Records from a data collection:
+ + + +
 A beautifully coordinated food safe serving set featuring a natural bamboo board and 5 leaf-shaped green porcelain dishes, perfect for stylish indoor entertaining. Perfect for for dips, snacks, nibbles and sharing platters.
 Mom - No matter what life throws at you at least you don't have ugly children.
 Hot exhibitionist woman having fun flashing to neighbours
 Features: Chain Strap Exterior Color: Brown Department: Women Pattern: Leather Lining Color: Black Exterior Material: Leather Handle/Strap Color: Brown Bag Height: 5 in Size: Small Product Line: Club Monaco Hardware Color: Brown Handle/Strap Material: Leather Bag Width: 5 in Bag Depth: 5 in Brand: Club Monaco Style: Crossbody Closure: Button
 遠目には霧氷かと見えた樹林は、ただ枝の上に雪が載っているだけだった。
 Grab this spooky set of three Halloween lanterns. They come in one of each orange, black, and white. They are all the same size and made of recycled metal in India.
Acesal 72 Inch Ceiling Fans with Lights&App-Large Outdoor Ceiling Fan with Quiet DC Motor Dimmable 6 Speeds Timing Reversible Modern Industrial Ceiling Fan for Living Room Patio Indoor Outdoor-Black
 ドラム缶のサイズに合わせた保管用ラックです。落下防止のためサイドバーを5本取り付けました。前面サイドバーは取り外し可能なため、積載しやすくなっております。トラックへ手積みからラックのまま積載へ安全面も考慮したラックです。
+ + + +
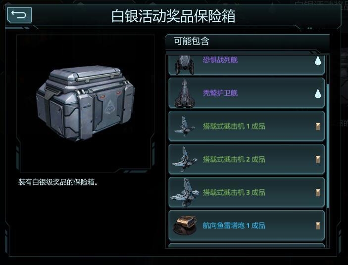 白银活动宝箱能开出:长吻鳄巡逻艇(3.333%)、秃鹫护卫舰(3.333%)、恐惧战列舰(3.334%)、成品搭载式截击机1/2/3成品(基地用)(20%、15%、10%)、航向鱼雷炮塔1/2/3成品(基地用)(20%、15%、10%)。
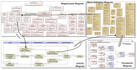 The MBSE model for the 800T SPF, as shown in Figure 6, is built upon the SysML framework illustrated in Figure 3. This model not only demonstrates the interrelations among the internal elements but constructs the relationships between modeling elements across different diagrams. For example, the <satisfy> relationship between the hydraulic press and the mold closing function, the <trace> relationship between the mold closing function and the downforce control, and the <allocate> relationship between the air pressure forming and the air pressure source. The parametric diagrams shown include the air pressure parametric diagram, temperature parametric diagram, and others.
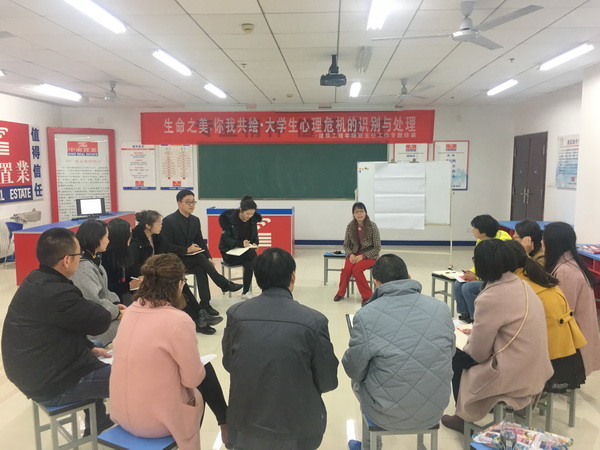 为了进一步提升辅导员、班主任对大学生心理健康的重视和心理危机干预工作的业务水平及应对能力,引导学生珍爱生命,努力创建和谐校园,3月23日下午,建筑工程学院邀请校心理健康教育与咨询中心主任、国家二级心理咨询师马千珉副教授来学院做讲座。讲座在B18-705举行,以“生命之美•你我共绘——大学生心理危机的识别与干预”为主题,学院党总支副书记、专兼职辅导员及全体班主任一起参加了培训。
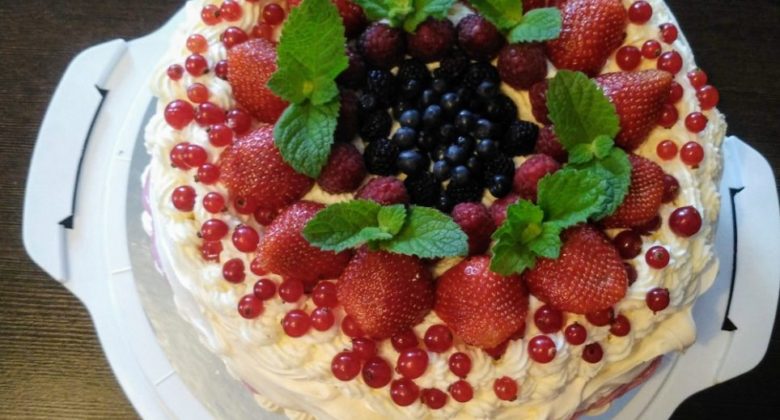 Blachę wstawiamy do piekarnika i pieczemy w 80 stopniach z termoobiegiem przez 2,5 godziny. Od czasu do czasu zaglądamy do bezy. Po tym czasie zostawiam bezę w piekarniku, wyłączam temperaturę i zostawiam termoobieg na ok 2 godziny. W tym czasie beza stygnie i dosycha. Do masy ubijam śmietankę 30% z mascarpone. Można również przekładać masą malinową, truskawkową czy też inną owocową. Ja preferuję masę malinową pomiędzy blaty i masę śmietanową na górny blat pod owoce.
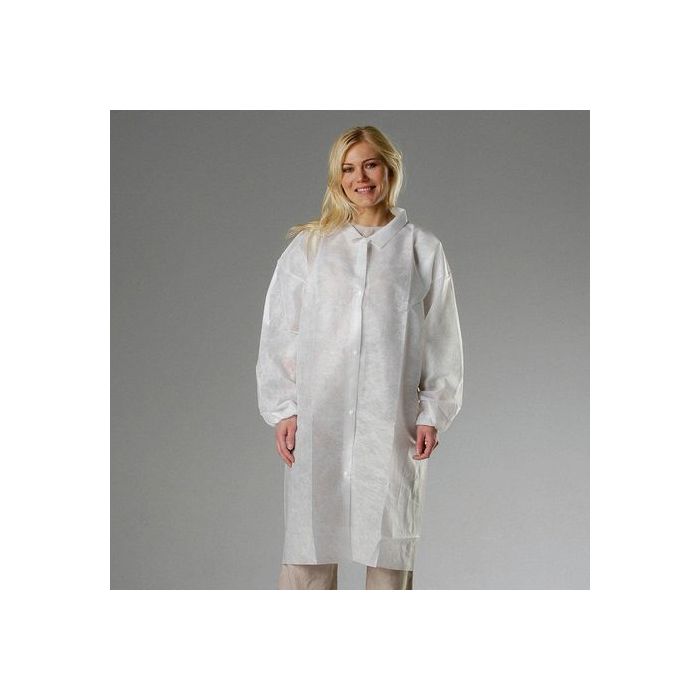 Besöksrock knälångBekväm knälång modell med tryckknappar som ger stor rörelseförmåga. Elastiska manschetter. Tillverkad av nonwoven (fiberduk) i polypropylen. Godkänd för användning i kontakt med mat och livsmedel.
+ + + +
**Exercise instructions:** Look back at the entries above and repeat, unchanged, every line from the line holding "Features: Chain Strap" through the line holding "ドラム缶のサイズに合わせた保".

**Response area:**
 Features: Chain Strap Exterior Color: Brown Department: Women Pattern: Leather Lining Color: Black Exterior Material: Leather Handle/Strap Color: Brown Bag Height: 5 in Size: Small Product Line: Club Monaco Hardware Color: Brown Handle/Strap Material: Leather Bag Width: 5 in Bag Depth: 5 in Brand: Club Monaco Style: Crossbody Closure: Button
 遠目には霧氷かと見えた樹林は、ただ枝の上に雪が載っているだけだった。
 Grab this spooky set of three Halloween lanterns. They come in one of each orange, black, and white. They are all the same size and made of recycled metal in India.
Acesal 72 Inch Ceiling Fans with Lights&App-Large Outdoor Ceiling Fan with Quiet DC Motor Dimmable 6 Speeds Timing Reversible Modern Industrial Ceiling Fan for Living Room Patio Indoor Outdoor-Black
 ドラム缶のサイズに合わせた保管用ラックです。落下防止のためサイドバーを5本取り付けました。前面サイドバーは取り外し可能なため、積載しやすくなっております。トラックへ手積みからラックのまま積載へ安全面も考慮したラックです。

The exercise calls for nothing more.